第八皇子は相手に合わせてやわらかく接する人で、第四皇子は感情を見せずに必要なことだけをするいわゆるツンデレタイプのキャラといえます。
恋愛での選択の違い
第八皇子 胤禩
早い段階から若曦を恋愛相手と見て接します。
若曦との関わりも自然な流れで会話も成り立ちやすいです。でも彼は第八皇子は皇位を目指しており、その考えを捨てません。若曦との恋よりも皇位を選択してしまいます。
第四皇子 胤禛
表に感情を見せません。
若曦と関係が深まるまでにも時間がかかります。その代わり、一度火が付くと執着するタイプ。彼も皇位を狙っていますが、皇位も恋もどちらも手に入れようとします。

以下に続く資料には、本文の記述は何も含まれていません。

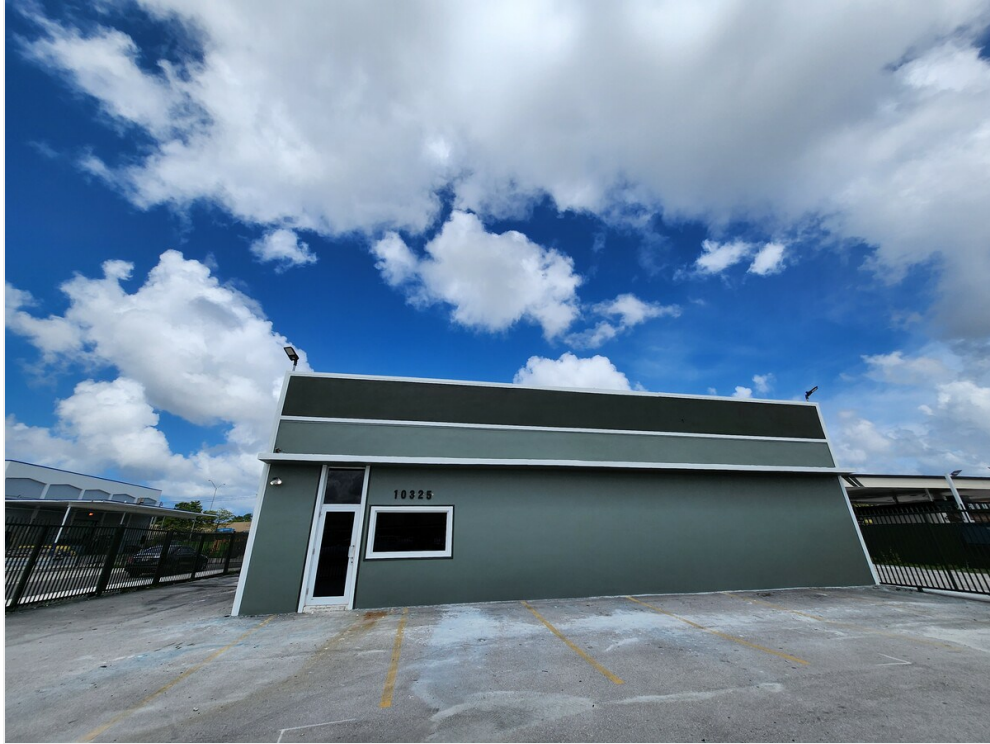
Front of the building
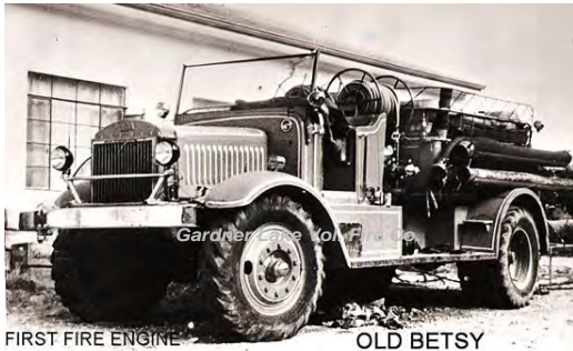
FIRST FIRE ENGINE OLD BETSY

likely a 750 gpm - other records have that. http://www.firetrucks-atwar.com/G.html

第八皇子は最初の印象は良いのですが、深くは進展しません。第四皇子はなかなか関係が進展しませんが、一度愛し合うと深い関係になるタイプといえます。
皇位争いでの判断の違い
第八皇子 胤禩:最初から皇位を狙う気満々
社交的で人を集めて派閥を作っています。
周囲からの信頼もあり、仲間をまとめる力があります。皇位争いでも自分の勢力を築いて皇太子に対抗。ただし立場がある分だけ立場を変えにくく、若曦が止めようとしても、彼は考えを変えませんでした。
第四皇子 胤禛:
最初は皇太子を助け八皇子派とは対立。自分が表だって皇位を狙うことはありませんでした。皇太子の失脚後は皇位争いに桑分かります。

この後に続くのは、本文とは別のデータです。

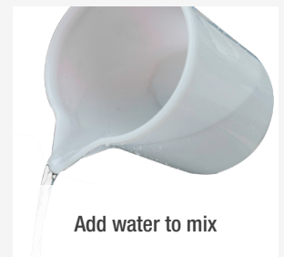
Add water to mix
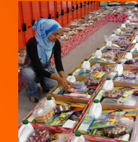
Packing Ramadhan food hampers
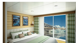
Category 5. From

状況を見て無理な行動はとらず、人前で分かりやすく主張することもありません。見ていても本心が読みづらい人物です。
まとめ
『宮廷女官 若曦(ジャクギ)』は最初は「誰が若曦と結ばれるのか」という恋の行方に目が行きますが、ドラマが進むにつれてそれが変えられない歴史の中で、どう生きるかという、もっと切実な問題に変わっていくことに気づかされます。

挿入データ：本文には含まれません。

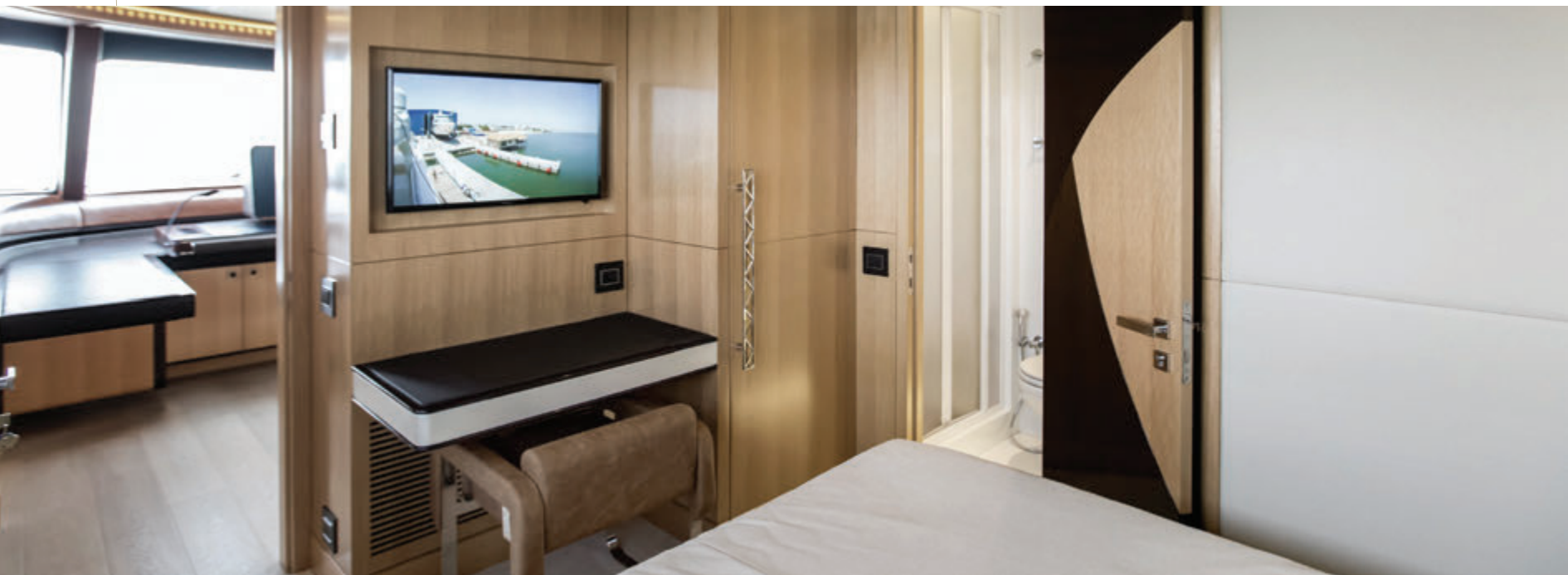
Top. Upper Deck Saloon | Bottom. Captain's Cabin

登場人物が多く、個性的な皇子が登場して混乱しそうですが。静かに牙を研ぐ第四皇子と、一見すると柔らかな仮面の裏に野心を隠す第八皇子。この二人の違いを押さえて、この二人を中心に人間関係をみていけば、ドラマは分かりやすくなると思います。
誰が正しくて、誰が悪かったのか。誰が誰を裏切り、誰が誰を最後まで守ろうとするのか。現代人の若曦を通して見る清朝の宮廷ドラマを楽しんでくださいね。